################################################################################
# Copyright (c) 2021 ContinualAI. #
# Copyrights licensed under the MIT License. #
# See the accompanying LICENSE file for terms. #
# #
# Date: 12-05-2020 #
# Author(s): Lorenzo Pellegrini #
# E-mail: contact@continualai.org #
# Website: avalanche.continualai.org #
################################################################################
""" Common benchmarks/environments utils. """
from collections import OrderedDict, defaultdict, deque
from typing import (
TYPE_CHECKING,
Any,
Callable,
Generic,
Iterator,
List,
Iterable,
Mapping,
Optional,
Sequence,
TypeVar,
Union,
Dict,
SupportsInt,
)
import warnings
import torch
from torch import Tensor
from torch.utils.data import Subset, ConcatDataset
from .data import AvalancheDataset
from .data_attribute import DataAttribute
from .dataset_definitions import (
ISupportedClassificationDataset,
)
from .dataset_utils import (
SubSequence,
find_list_from_index,
)
from .flat_data import ConstantSequence
from .transform_groups import (
TransformGroupDef,
TransformGroups,
XTransform,
YTransform,
)
if TYPE_CHECKING:
from .classification_dataset import TaskAwareClassificationDataset
T_co = TypeVar("T_co", covariant=True)
TAvalancheDataset = TypeVar("TAvalancheDataset", bound="AvalancheDataset")
def tensor_as_list(sequence) -> List:
# Numpy: list(np.array([1, 2, 3])) returns [1, 2, 3]
# whereas: list(torch.tensor([1, 2, 3])) returns ->
# -> [tensor(1), tensor(2), tensor(3)]
#
# This is why we have to handle Tensor in a different way
if isinstance(sequence, list):
return sequence
if not isinstance(sequence, Iterable):
return [sequence]
if isinstance(sequence, Tensor):
return sequence.tolist()
return list(sequence)
def _indexes_grouped_by_classes(
targets: Sequence[int],
patterns_indexes: Union[None, Sequence[int]],
sort_indexes: bool = True,
sort_classes: bool = True,
) -> Union[List[int], None]:
result_per_class: Dict[int, List[int]] = OrderedDict()
result: List[int] = []
indexes_was_none = patterns_indexes is None
if patterns_indexes is not None:
patterns_indexes = tensor_as_list(patterns_indexes)
else:
patterns_indexes = list(range(len(targets)))
targets = tensor_as_list(targets)
# Consider that result_per_class is an OrderedDict
# This means that, if sort_classes is True, the next for statement
# will initialize "result_per_class" in sorted order which in turn means
# that patterns will be ordered by ascending class ID.
classes = torch.unique(torch.as_tensor(targets), sorted=sort_classes).tolist()
for class_id in classes:
result_per_class[class_id] = []
# Stores each pattern index in the appropriate class list
for idx in patterns_indexes:
result_per_class[targets[idx]].append(idx)

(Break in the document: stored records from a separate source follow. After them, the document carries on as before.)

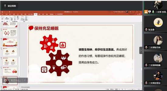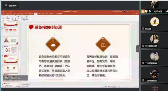 接着,积极分子刘世洋和眭羽尧同学向大家讲述校园防控指南,告诉同学们在志愿活动中如何防控及自我保护,公司属于人员密集的地方,应保持良好的卫生习惯、宿舍环境整洁和身体营养均衡。
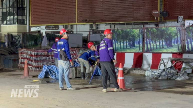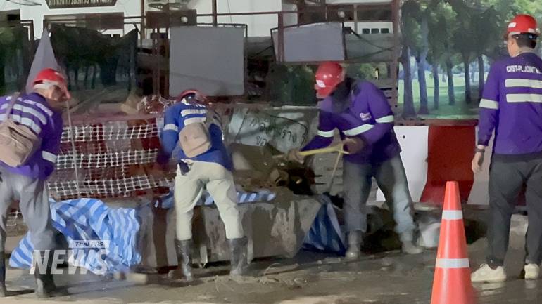 และแม้ว่าจะหยุดใช้เครื่องจักรหนัก แต่เจ้าหน้าที่ก็ได้ใช้กำลังคนในการทำความสะอาดบริเวณพื้นถนนรวมถึง เร่งเคลียร์วัสดุอุปกรณ์ออกจากหลุม เพื่อนำอุปกรณ์ที่ใช้ทำงานออกจากจุดเกิดเหตุ และเตรียมดำเนินการขั้นตอนการสร้างพื้นผิวการจราจรในเช้าวันนี้
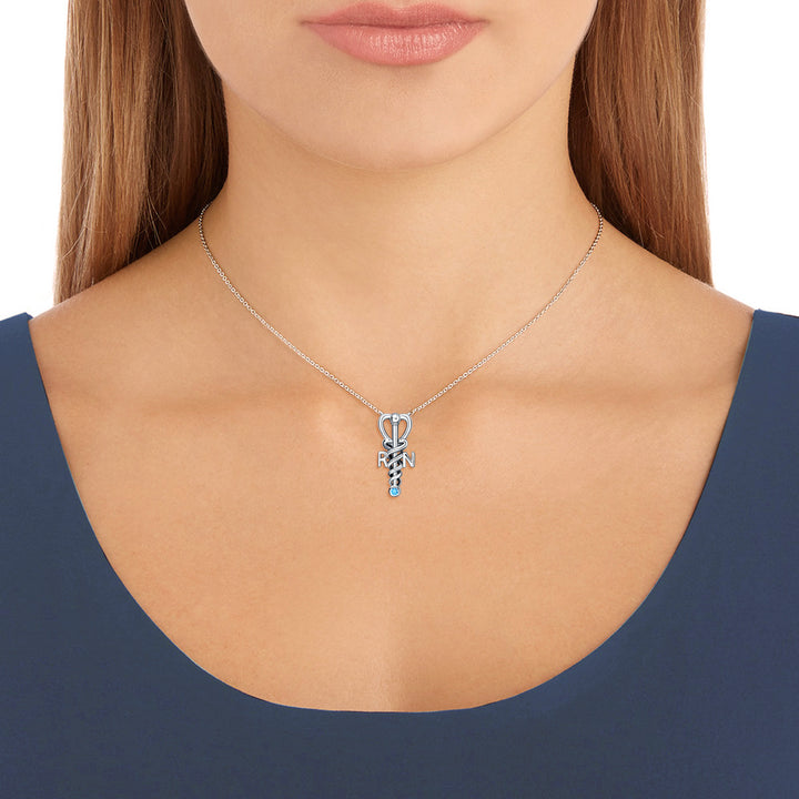Crafted from premium Sterling Silver with White Gold Plating, this unisex Pendant Necklace is adorned with dazzling Cubic Zirconia and features a Snake entwined with a Heart and a Stethoscope.
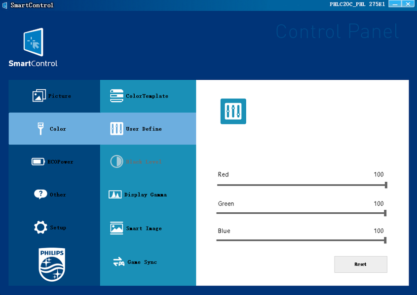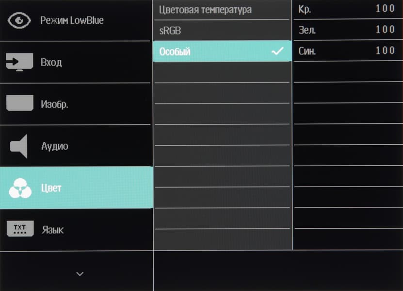 Цветовой баланс устанавливается выбором одного из предустановленных профилей с условными значениями цветовой температуры или ручной регулировкой интенсивности трех цветов после выбора профиля Особый. Также есть профиль sRGB с условной цветовой температурой 6500 К и сниженной яркостью.
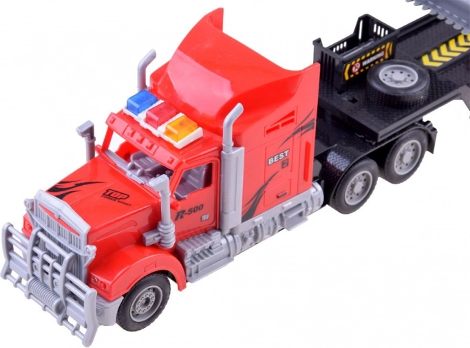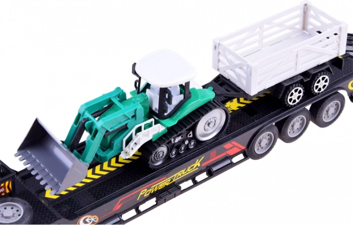 Naczepa niskopodwoziowa bezpiecznie przewiezie traktor z przyczepą. Detalne wykonanie i solidny plastik zapewniają długą trwałość podczas zabawy.

# Concatenate all the pattern indexes
for class_id in classes:
if sort_indexes:
result_per_class[class_id].sort()
result.extend(result_per_class[class_id])

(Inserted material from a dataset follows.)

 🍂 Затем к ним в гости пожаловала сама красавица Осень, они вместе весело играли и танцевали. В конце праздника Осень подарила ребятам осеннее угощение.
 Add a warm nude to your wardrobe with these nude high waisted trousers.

if result == patterns_indexes and indexes_was_none:
# Result is [0, 1, 2, ..., N] and patterns_indexes was originally None
# This means that the user tried to obtain a full Dataset
# (indexes_was_none) only ordered according to the sort_indexes and
# sort_classes parameters. However, sort_indexes+sort_classes returned
# the plain pattern sequence as it already is. So the original Dataset
# already satisfies the sort_indexes+sort_classes constraints.

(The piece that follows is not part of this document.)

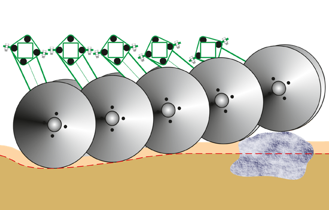 Эластичные резиновые демпферы служат не только для оптимального копирования рельефа почвы, но и в качестве предохранительного механизма для дисков, которые не требуют технического обслуживания и отличаются большим ходом.
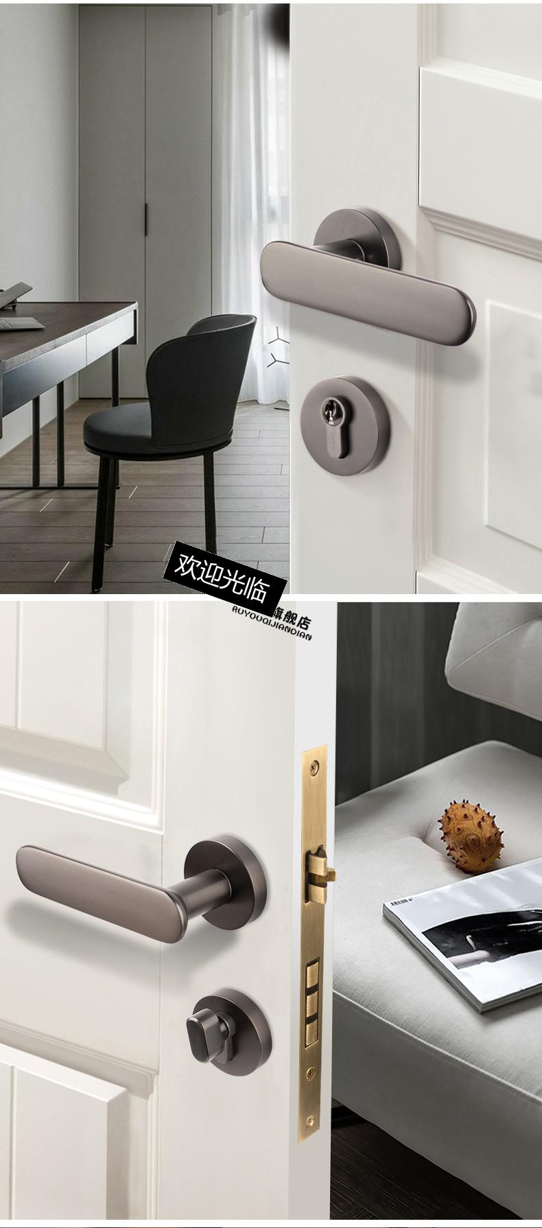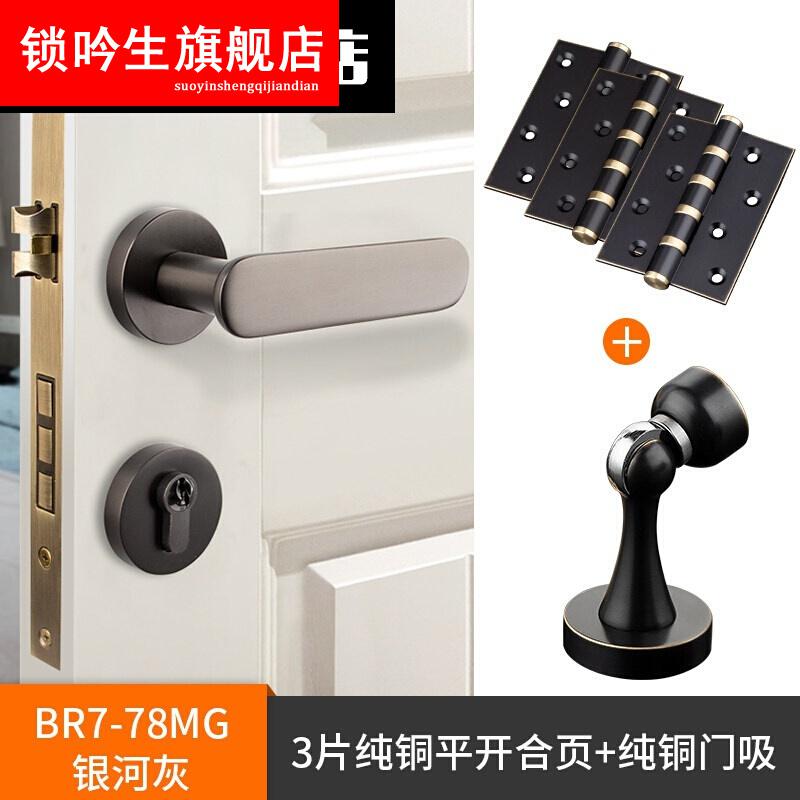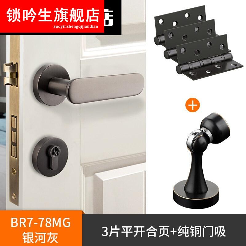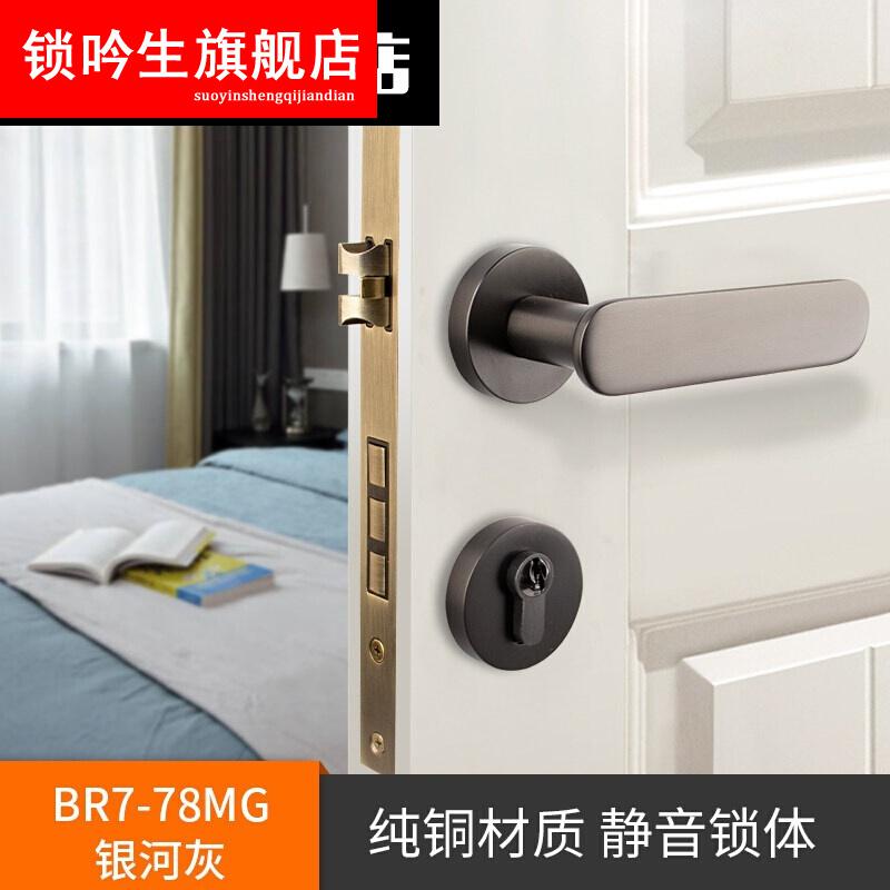 磁吸锁全铜室内磁吸静音门锁家用银河灰美式现代时尚实心门把手 亚黑色 35-50mm 左内 带钥匙

# By returning None, we communicate that the Dataset can be taken as-is.
return None
return result
def grouped_and_ordered_indexes(
targets: Sequence[int],
patterns_indexes: Union[None, Sequence[int]],
bucket_classes: bool = True,
sort_classes: bool = False,
sort_indexes: bool = False,
) -> Union[List[int], None]:
"""
Given the targets list of a dataset and the patterns to include, returns the
pattern indexes sorted according to the ``bucket_classes``,
``sort_classes`` and ``sort_indexes`` parameters.
:param targets: The list of pattern targets, as a list.
:param patterns_indexes: A list of pattern indexes to include in the set.
If None, all patterns will be included.
:param bucket_classes: If True, pattern indexes will be returned so that
patterns will be grouped by class. Defaults to True.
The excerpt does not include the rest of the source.